Knuckle Down: A Sneak Preview of my new Novel

The following is an excerpt from my second novel, KNUCKLE DOWN, due to be released on August 8, 2016. It is the second book in the CAGE LIFE series. CAGE LIFE currently holds a 4.20 out of 5.00 rating on Goodreads and a 4.90 out of 5.00 rating on Amazon. I will be scheduling a Giveaway of KNUCKLE DOWN in the next few weeks. In the mean time...this.

CHAPTER SIXTEEN

The Romans had an expression for gladiators who made their plans in the arena.

It translates roughly into English as too late.

The only time I’d been legitimately whipped in a fight, I’d known little more about my opponent than his name. Dem’yan Suba, on the other hand, had plenty of video of me to study. He’d stepped into the cage knowing my fighting style like the back of his hand, while I’d been forced to improvise. The result had been a disaster.

Now the coin had flipped.

Hieronymous Bash was one of the most popular and successful fighters on the Cage Combat League roster. He was featured in video games, T-shirts, bobblehead dolls, instructional videos, fan expositions, and even online seminars. If you wanted to bone up on his fighting techniques, all you needed was an ethernet cable.

He, on the other hand, knew fuck-all about me.
How could he? The most recent tape of me was three years old. I’d been off the radar all that time, fighting on small untelevised regional shows or obscure foreign promotions, my style changing, refining, sharpening, becoming something entirely different, entirely more dangerous, than anything he was prepared for.
How do you like the blindfold, Hieronymous?

The flow of blood from his mouth tells me not very much.

Bash was stronger than I, and more experienced. His kickboxing skills were excellent and he had superb footwork. While it was not overly difficult to take him down, years of amateur wrestling had given his body an explosive power that made it nearly impossible to keep him there.

I knew all of this, but I knew something else as well.

Any strength can be turned into a weakness.
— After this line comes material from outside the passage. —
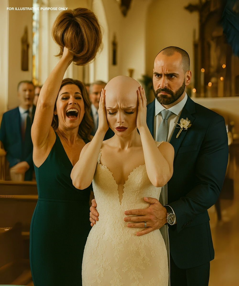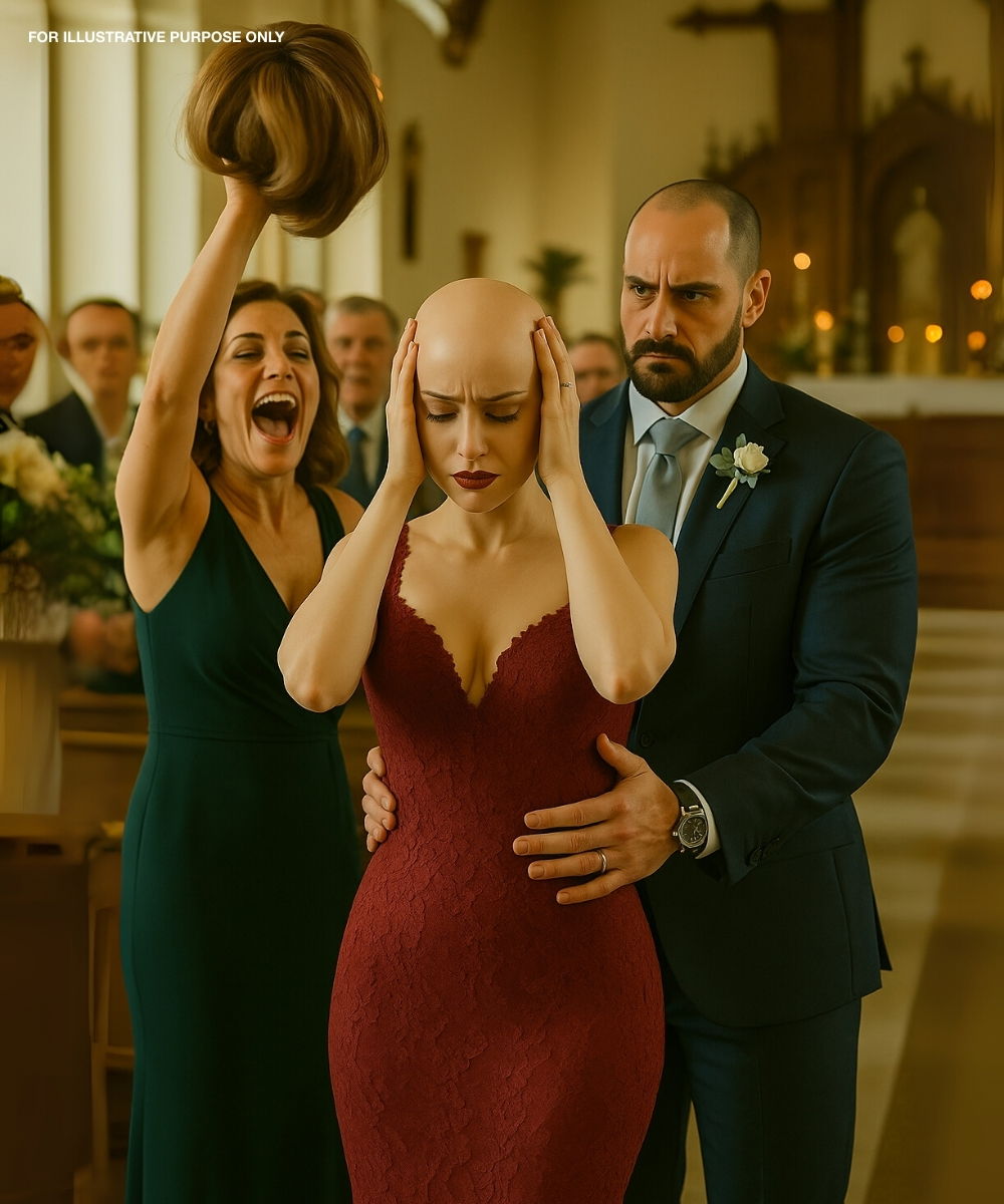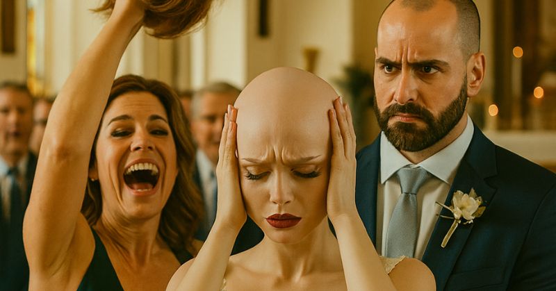 Alors que je m’approchais de l’autel, elle s’est avancée. Sans un mot, Nadine a attrapé ma perruque et l’a jetée, dévoilant mon crâne dénudé devant l’assemblée médusée. Dans un silence glaçant, elle a lancé :

As Max Schmeling had once said: In analyzing a boxer’s style, the distance from which he throws his most dangerous punches is really the critical variable. Once this is known, he can be outmaneuvered by staying out of that range.

As they say in New Orleans: true dat.

He needed room to strike. I gave him none. Either I circled just on the end of his effective range or I leapt inside the arc of his fists and feet, then back out again, like a wolf fighting a bear.

Just like Alton had trained me.

Head movement? It doesn’t help you if your opponent keeps striking to the body – jabs to the solar plexus, hooks to the ribs, kicks to the outside and the inside of the thigh.

Superb footwork? It’s hard to move your feet properly when two hundred and five pounds of Irish-Italian badass is stomping on them every time you clinch. Harder still when leg kicks are demolishing the capillaries in your legs, causing the blood to draw the
flesh over the muscle as tight as drumskin.

Explosive power? Use it, Hieronymous. I want you to. When I go for the double-leg takedown and plant you on ass and elbows, don’t stay there in the guard where you might catch your breath. Instead, escape back to your feet like you’re shoving a broken pillar off your body. Now do it again…and again…and again. Keep doing it until you’ve exploded yourself hollow.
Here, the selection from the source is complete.